Records for this task:
^^^^
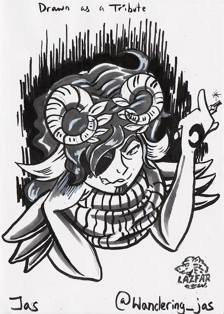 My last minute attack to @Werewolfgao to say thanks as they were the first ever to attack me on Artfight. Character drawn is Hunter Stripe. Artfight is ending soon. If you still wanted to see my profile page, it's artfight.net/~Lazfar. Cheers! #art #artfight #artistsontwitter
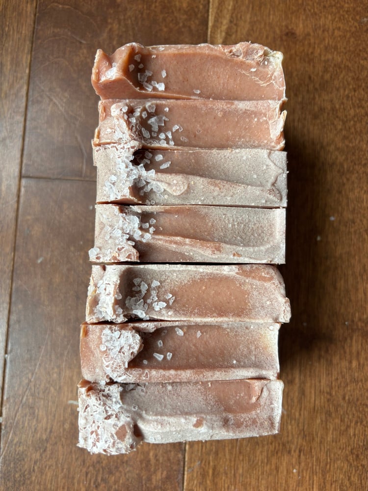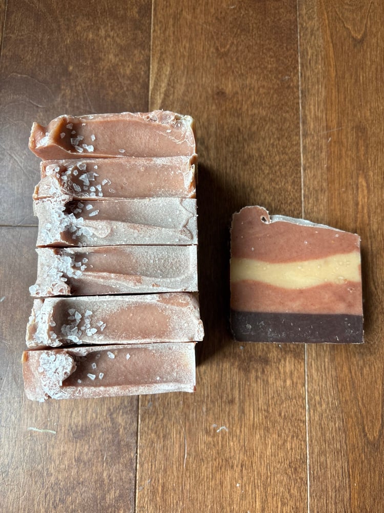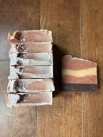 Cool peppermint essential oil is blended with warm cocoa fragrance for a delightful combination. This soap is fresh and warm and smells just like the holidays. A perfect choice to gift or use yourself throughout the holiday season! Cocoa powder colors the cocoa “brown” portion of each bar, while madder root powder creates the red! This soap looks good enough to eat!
^^^^
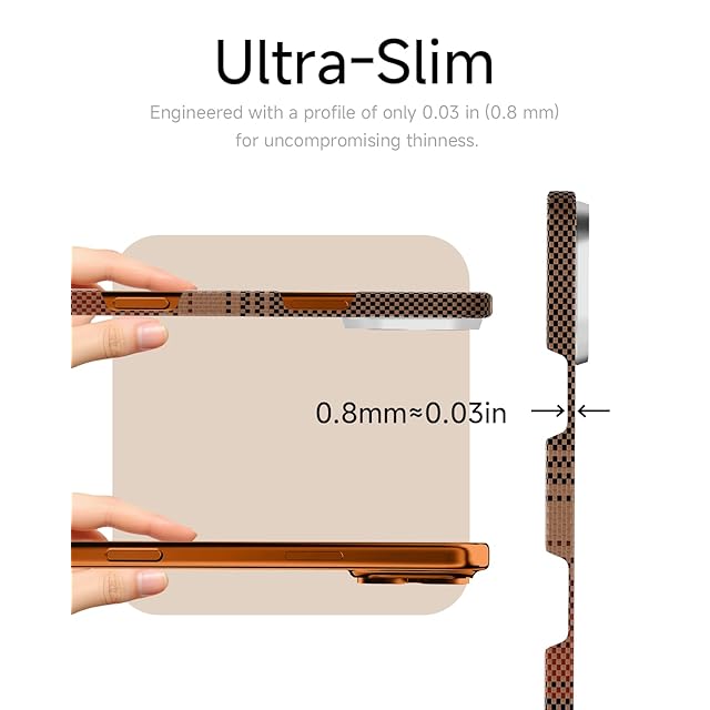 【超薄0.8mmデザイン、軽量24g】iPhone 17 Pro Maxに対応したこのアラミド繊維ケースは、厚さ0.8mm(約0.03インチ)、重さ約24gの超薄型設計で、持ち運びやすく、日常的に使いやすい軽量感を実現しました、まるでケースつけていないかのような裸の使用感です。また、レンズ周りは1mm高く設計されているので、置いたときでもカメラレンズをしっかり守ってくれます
^^^^
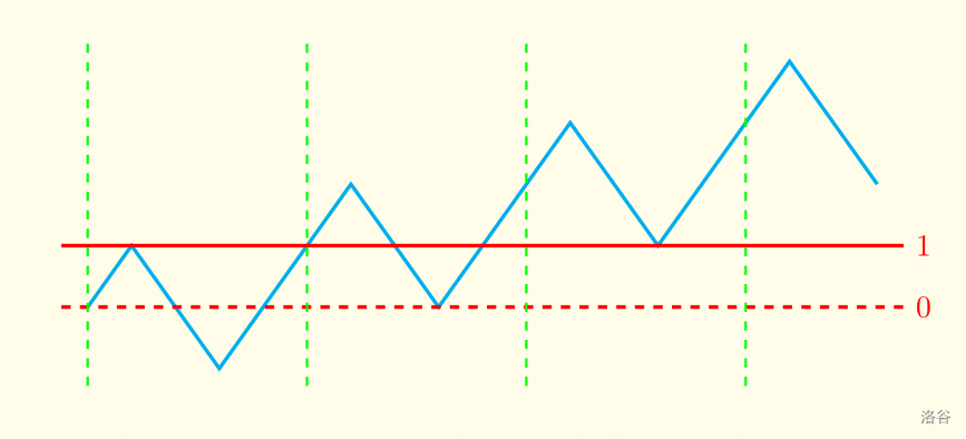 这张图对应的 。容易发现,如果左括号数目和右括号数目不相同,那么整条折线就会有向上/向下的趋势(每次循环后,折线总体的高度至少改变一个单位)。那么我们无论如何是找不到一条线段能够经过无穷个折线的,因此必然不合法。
^^^^
Prompt:
Taking the material above, give again exactly the lines from the one holding "My last minute" through the one holding "Cool peppermint essential", with both ends and without pictures.

Answer space:
 My last minute attack to @Werewolfgao to say thanks as they were the first ever to attack me on Artfight. Character drawn is Hunter Stripe. Artfight is ending soon. If you still wanted to see my profile page, it's artfight.net/~Lazfar. Cheers! #art #artfight #artistsontwitter
 Cool peppermint essential oil is blended with warm cocoa fragrance for a delightful combination. This soap is fresh and warm and smells just like the holidays. A perfect choice to gift or use yourself throughout the holiday season! Cocoa powder colors the cocoa “brown” portion of each bar, while madder root powder creates the red! This soap looks good enough to eat!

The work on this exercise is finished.